━━ Data extract

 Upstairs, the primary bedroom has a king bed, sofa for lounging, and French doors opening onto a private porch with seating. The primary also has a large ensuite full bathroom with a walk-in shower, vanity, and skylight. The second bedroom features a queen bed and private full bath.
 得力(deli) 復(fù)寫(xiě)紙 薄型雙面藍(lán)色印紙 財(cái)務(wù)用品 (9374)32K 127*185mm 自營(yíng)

━━━━
━━ Data extract

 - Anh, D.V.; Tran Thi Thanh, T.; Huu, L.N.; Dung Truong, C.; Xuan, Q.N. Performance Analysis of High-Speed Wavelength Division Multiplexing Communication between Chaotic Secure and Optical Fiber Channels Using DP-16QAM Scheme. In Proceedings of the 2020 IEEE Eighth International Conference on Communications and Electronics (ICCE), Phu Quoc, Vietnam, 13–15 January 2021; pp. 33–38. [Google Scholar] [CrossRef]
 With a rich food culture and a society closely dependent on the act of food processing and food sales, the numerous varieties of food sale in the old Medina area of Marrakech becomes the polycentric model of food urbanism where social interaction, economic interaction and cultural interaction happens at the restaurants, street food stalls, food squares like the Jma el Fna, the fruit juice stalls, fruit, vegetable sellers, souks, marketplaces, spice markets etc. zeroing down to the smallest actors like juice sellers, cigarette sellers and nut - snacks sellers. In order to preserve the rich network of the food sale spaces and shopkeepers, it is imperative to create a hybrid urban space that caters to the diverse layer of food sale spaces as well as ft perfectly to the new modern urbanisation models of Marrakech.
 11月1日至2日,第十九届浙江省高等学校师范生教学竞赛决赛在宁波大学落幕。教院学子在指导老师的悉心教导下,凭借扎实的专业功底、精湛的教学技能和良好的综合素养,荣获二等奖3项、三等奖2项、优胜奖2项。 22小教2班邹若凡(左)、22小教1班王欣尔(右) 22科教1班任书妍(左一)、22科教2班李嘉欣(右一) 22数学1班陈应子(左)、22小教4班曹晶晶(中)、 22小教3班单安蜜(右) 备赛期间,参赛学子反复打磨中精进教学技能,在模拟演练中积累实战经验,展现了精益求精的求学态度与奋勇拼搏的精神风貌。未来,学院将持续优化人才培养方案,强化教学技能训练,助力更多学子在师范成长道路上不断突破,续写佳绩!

━━━━

== Task statement ==
Here the output must be the lines above from the line with "Upstairs, the primary" to the line with "得力(deli) 復(fù)寫(xiě)紙 薄型雙面藍(lán)色印紙", both included, duplicated word for word and nothing else.

== Solution ==
 Upstairs, the primary bedroom has a king bed, sofa for lounging, and French doors opening onto a private porch with seating. The primary also has a large ensuite full bathroom with a walk-in shower, vanity, and skylight. The second bedroom features a queen bed and private full bath.
 得力(deli) 復(fù)寫(xiě)紙 薄型雙面藍(lán)色印紙 財(cái)務(wù)用品 (9374)32K 127*185mm 自營(yíng)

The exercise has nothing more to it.